What you have to do:
Among the entries that follow, locate the line with "Medium washed form-fitting" and the line with "Comprar Medidor de". Output those lines and all lines in between, exactly, minus the pictures.

Data:
*-*-*

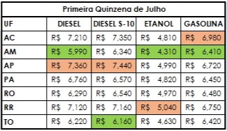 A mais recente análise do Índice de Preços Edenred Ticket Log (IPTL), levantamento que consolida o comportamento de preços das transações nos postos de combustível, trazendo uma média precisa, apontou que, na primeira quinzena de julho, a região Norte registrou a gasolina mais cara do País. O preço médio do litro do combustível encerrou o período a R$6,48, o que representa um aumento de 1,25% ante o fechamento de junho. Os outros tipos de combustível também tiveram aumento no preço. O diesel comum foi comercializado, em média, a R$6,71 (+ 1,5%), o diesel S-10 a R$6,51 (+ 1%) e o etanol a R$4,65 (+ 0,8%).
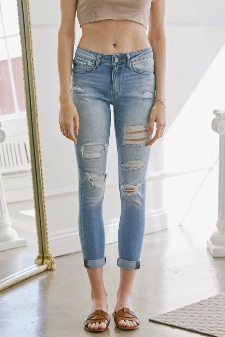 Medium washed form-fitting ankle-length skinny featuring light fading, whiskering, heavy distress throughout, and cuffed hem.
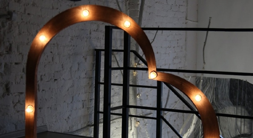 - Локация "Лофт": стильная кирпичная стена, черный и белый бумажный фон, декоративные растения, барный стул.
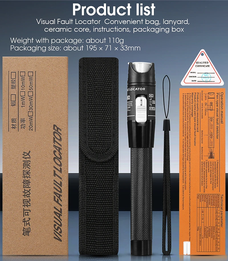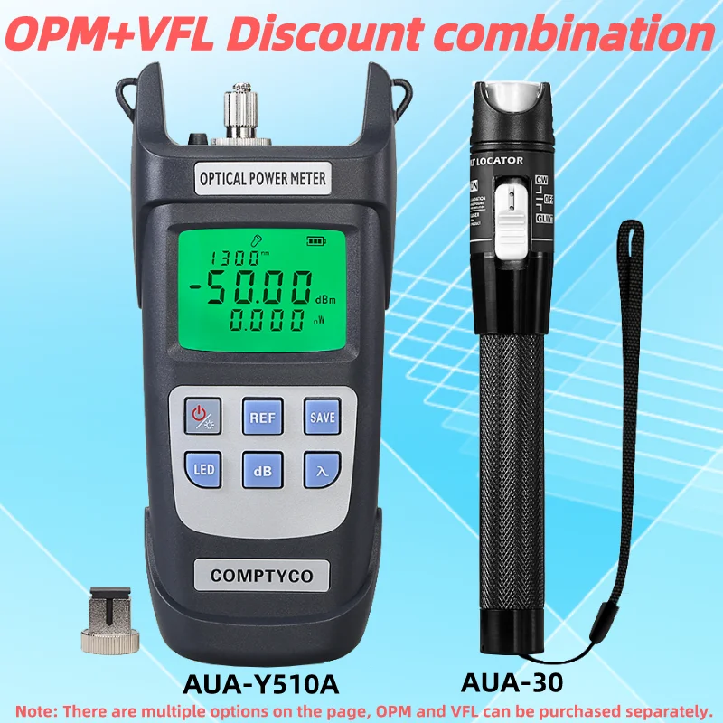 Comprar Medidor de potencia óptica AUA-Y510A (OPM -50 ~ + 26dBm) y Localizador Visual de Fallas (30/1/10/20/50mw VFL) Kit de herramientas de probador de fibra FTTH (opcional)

*-*-*

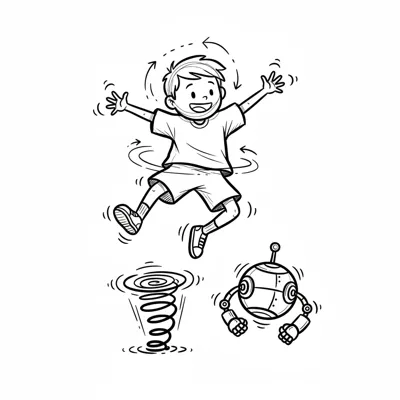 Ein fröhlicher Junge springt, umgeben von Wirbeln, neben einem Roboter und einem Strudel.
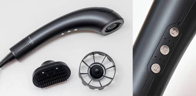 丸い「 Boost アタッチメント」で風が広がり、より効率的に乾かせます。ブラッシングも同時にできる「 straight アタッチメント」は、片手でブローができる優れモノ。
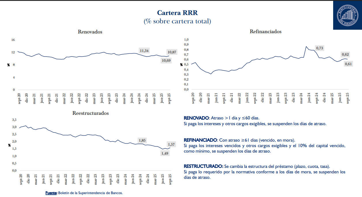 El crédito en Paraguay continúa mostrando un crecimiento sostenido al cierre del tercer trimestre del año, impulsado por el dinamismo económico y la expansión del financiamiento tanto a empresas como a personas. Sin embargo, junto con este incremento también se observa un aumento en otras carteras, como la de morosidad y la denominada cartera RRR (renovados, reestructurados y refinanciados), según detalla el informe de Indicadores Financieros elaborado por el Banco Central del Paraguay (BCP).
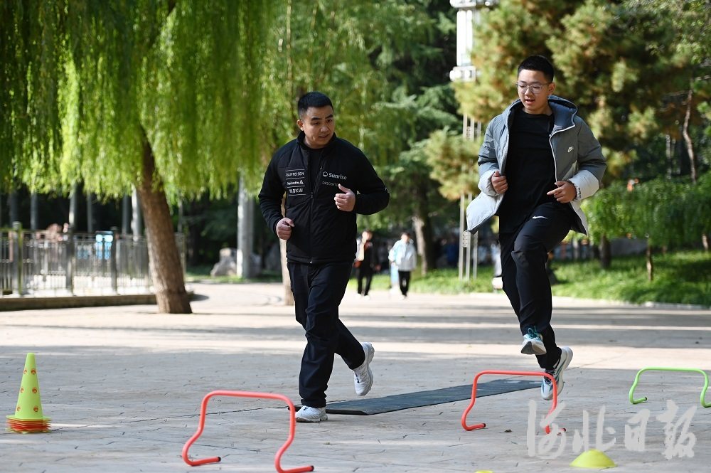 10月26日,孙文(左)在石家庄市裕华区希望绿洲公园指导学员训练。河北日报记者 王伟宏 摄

*-*-*

Output of the task:
 Medium washed form-fitting ankle-length skinny featuring light fading, whiskering, heavy distress throughout, and cuffed hem.
 - Локация "Лофт": стильная кирпичная стена, черный и белый бумажный фон, декоративные растения, барный стул.
 Comprar Medidor de potencia óptica AUA-Y510A (OPM -50 ~ + 26dBm) y Localizador Visual de Fallas (30/1/10/20/50mw VFL) Kit de herramientas de probador de fibra FTTH (opcional)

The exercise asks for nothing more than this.